— Мари, тебе не стоило приходить, — прервал мои грёзы Давей. — Я не сказал тебе, чтобы не огорчать. Знай ты про этот бал, надумала бы себе не пойми, чего, ревновала, нервничала бы напрасно. Потому решил, что так будет лучше.
— Лучше? — я обернулась. — Ты думаешь, так лучше?
— Ты права, — повинился он, подошёл, обнял меня сзади и положил голову на плечо.
— Получилось только хуже. Ты заставила меня ревновать.
Я улыбнулась довольно в темноту.
— И кто тот проныра, с которым ты танцевала? — в его голосе теперь слышалась неподдельная угроза.
— Очень приятный молодой человек! А ты вообще-то о котором? Я танцевала с двумя! — заявила, уже во всю потешаясь. — Кстати, одному я задолжала танец.
И попыталась вырваться, якобы спеша вернуть долг.

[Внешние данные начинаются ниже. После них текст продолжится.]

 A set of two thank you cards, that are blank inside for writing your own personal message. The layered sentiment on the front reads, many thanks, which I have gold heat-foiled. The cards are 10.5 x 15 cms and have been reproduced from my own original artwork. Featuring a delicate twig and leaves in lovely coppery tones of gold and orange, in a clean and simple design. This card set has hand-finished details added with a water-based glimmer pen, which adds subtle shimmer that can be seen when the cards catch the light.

Дав не дал сделать и шага, развернул к себе лицом и, глядя в глаза, прошептал зловеще:
— Если я ещё раз хоть одного увижу рядом с тобой, руки им поотрываю, а может и не только…
— А, почему руки? — развеселилась окончательно. — Танцуют же ногами.

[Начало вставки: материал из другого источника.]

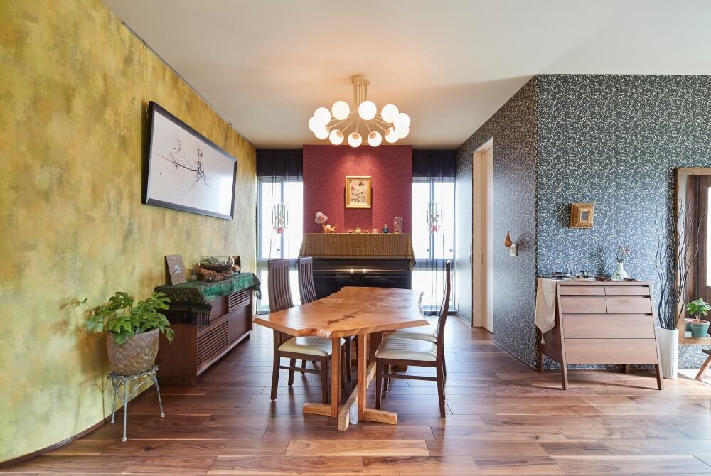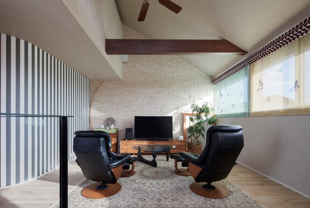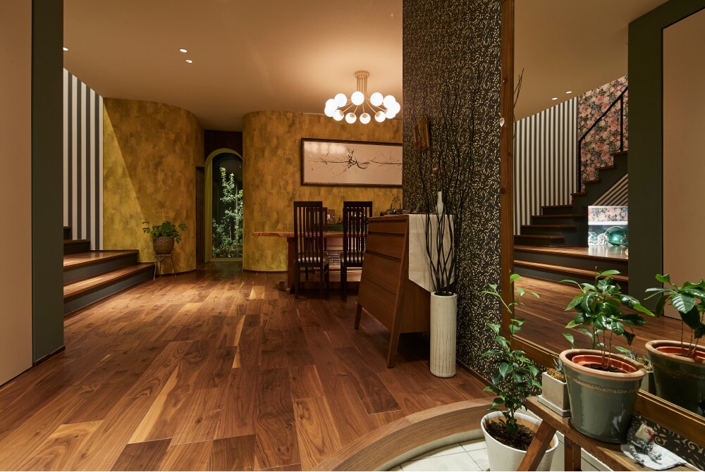 #ステージリビング #リビング階段 #吹き抜け #あらわし梁 #タイル壁 #壁紙 #風水 #ラグジュアリー #ピアノ #曲線 #ビンテージ #ラスティックウォールナット

— Потому что руками он к тебе прикасался, — улыбнулся и герцог, но уже в следующее мгновение стал серьёзным. — Мари, это невыносимо — видеть тебя с другими.
— Тогда мне сложней придётся, — продолжала отшучиваться, хотя в каждой шутке есть доля правды. — Вокруг вас слишком много девиц, всем руки отрывать — жизни не хватит.
— Мари, все эти девицы не имеют для меня никакого значения, — он сильнее прижал меня к себе.
— А леди Оливия? — спросила еле слышно и затаила дыхание, пытаясь хоть что-то разгадать по выражению его лица.
Но его сиятельство слишком хорошо умеет держать свои эмоции.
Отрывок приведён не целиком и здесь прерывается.